Zebra mussels (Dreissena polymorpha) were exposed at 12 canals and lakes situated in Flanders (Belgium), in cages for six weeks during the summer of 2002. Accumulation of polychlorinated biphenyls (PCBs), polybrominated diphenyl ethers (PBDEs), hexachlorobenzene, and trace metals were measured in the transplanted mussels and levels compared to levels in indigenous mussels. Additionally, zebra mussels were exposed at a small lake in the vicinity of Antwerp (Belgium), and accumulation of contaminants was followed for an extended period from December 2001 to April 2002. Analysis of the pollutants in the indigenous mussels showed that the selected sites displayed a wide range of pollution from near to background to very high levels of metals and/or organic contaminants when compared to the literature. For organic contaminants and for most metals, comparison of levels between caged and resident mussels revealed no significant differences. Only for cadmium and nickel, significant differences were observed, with levels being either higher (cadmium) or lower (nickel) in caged mussels. For organic contaminants, significant correlations between levels in caged and resident mussels were found with r2 values up to 0.98. For some metals, no or poor correlations were found. At most sites, concentrations of those metals were of the same order of magnitude and comparable to levels in mussels from unpolluted sites. This might explain the absence of significant correlations. When mussels were exposed for an extended period, the concentration of some pollutants increased, whereas others decreased with time. Only in the case of certain metals did levels differ significantly because of the slow depuration of metals already present in the transplanted mussels. This is an additional indication that measured concentrations in transplanted mussels indeed reflected the local situation. With this study, we were able to prove the applicability of transplanted mussels as a biomonitoring tool for the accumulation of pollutants over a wide range of pollution.

Cadmium bioavailability and accumulation in the presence of humic acid to the zebra mussel, Dreissena polymorpha.

Metal speciation in aquatic systems is mainly determined by the type and concentration of ligands present in solution. A very important group of complexing agents is dissolved organic matter (DOM), e.g., humic and fulvic acids. According to the free-ion activity model, only the free metal ion is available to biota.

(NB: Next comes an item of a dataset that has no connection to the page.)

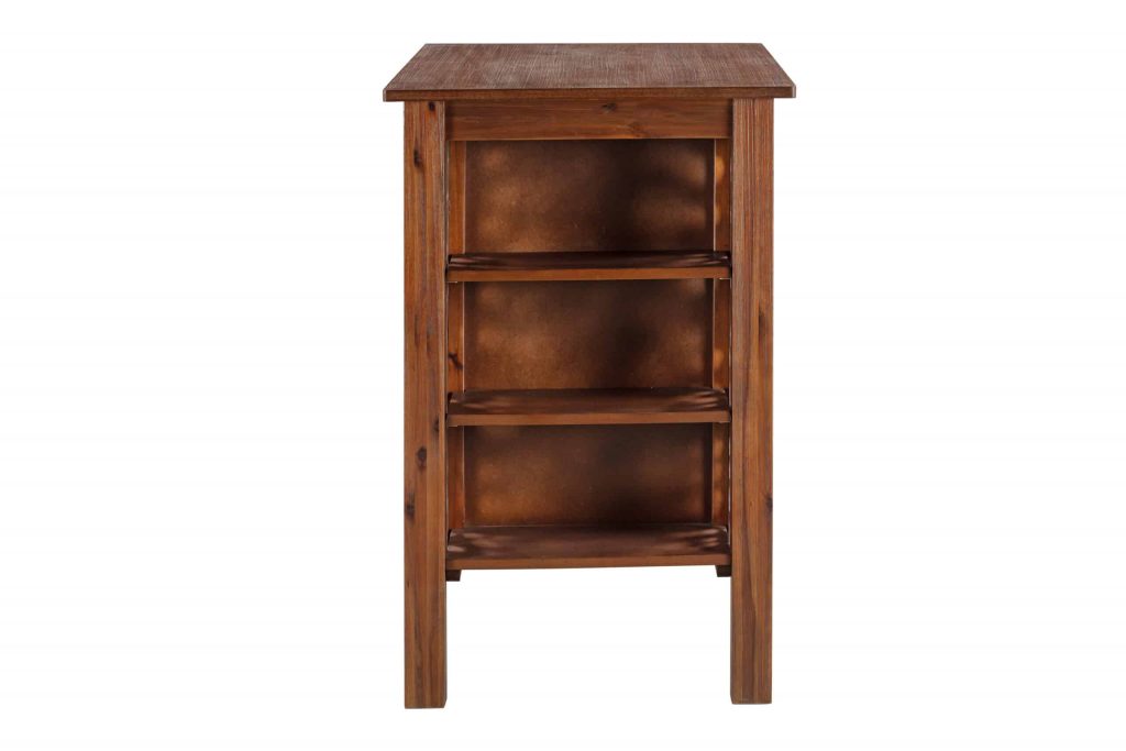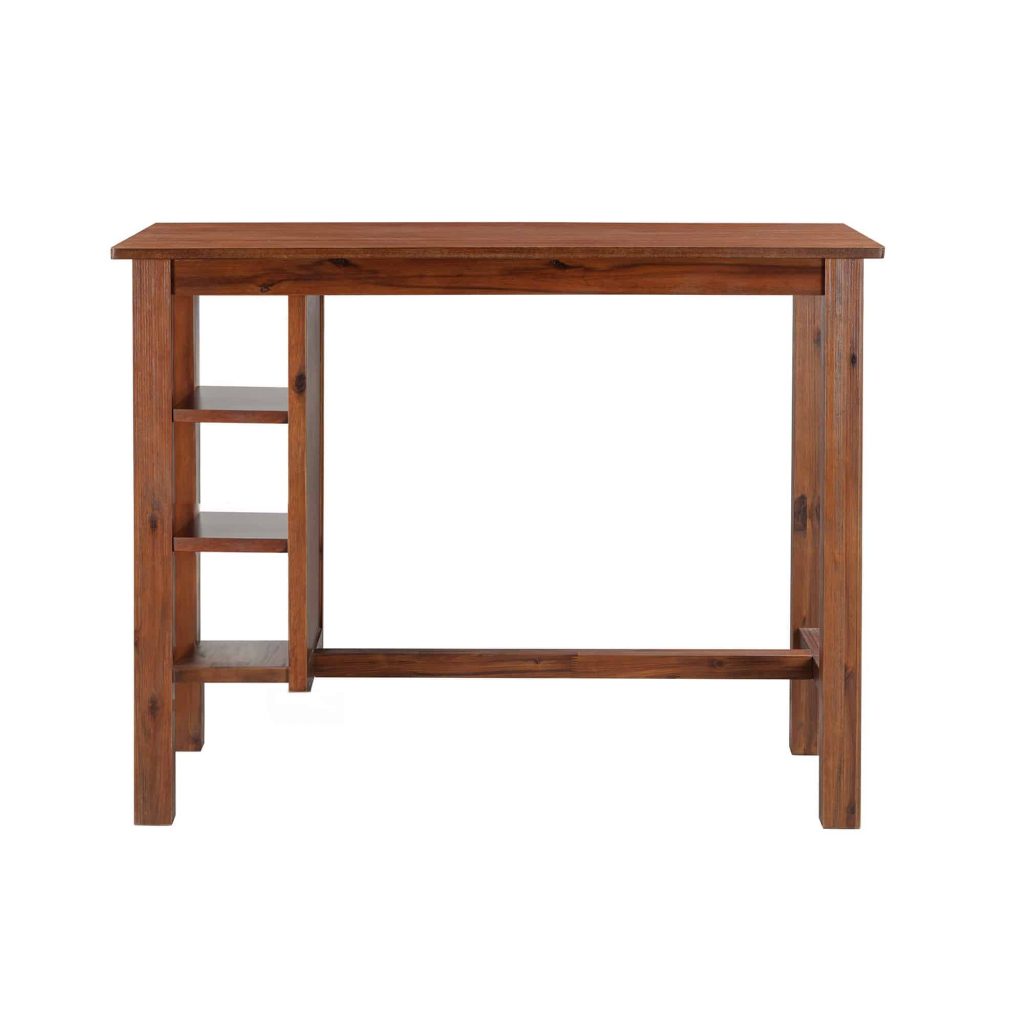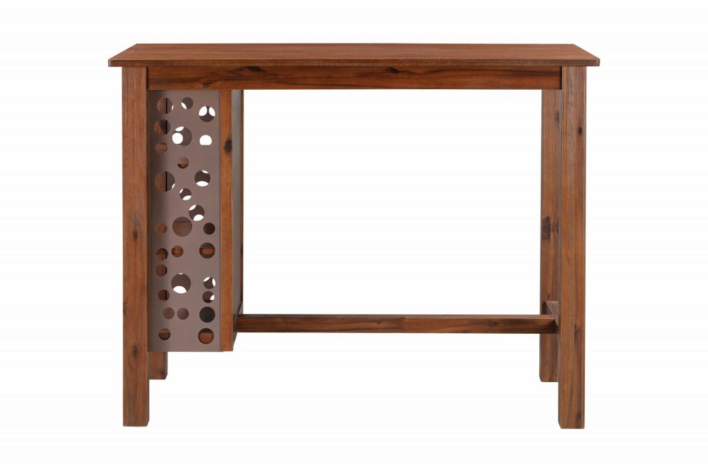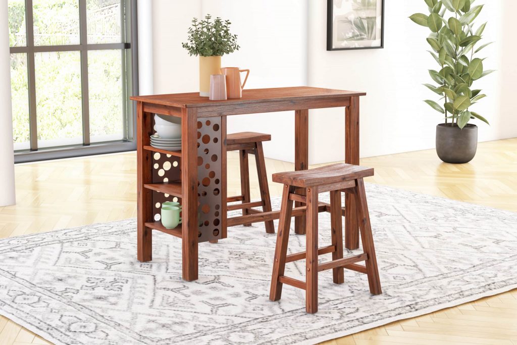 Welcome family and friends to casual after-dinner drinks and easy Sunday brunches around the Brittany 3 piece bar table set. This three-piece set includes everything you need to create a cozy eating nook in the kitchen or dining room space. The bar table is paired with two matching chestnut wire-brush saddle stools. The acacia wood and metal dining table feature a multistep wire-brush finish which enhances the natural beauty of the wood even more. This multi-function dining table also features 3-tiered bookshelves surrounded by decorative steel accents to display cookbooks, decorative accessories and more. The Brittany 3pc bar table set comes in your choice of dining or bar height options. Both options are available in Chestnut Wire-Brush Finish.

Nevertheless, DOM has been reported to decrease or increase metal uptake, leading to uncertainty concerning the bioavailability of metal-DOM complexes. In this work the effect of Aldrich humic acid on cadmium accumulation by the zebra mussel, Dreissena polymorpha, was studied under laboratory conditions. Mussels, collected in a drinking water reservoir, were exposed to varying environmentally relevant concentrations of cadmium in the presence and absence of humic acid. Cadmium concentrations in the mussel tissues were analyzed, and measurements with a cadmium-ion-selective electrode were made to determine the free cadmium ion activity in the exposure waters. The uptake of humic acid by the zebra mussels was measured by the decrease of the total organic carbon (TOC) concentration in the water over time. The free cadmium ion activity in the water decreased from 51.6% to 19.9% of the total cadmium concentration in the presence of humic acid. This decrease by a factor of 2.6 resulted in a decrease in the cadmium uptake rate in the soft tissue of zebra mussels from 12.9 to 7.9 nmol/g dry wt/day, which corresponds to a decrease by a factor of 1.6. This implies that cadmium uptake rates were higher than predicted by the free-ion activity model and indicates that cadmium-humic acid complexes are partly available to zebra mussels.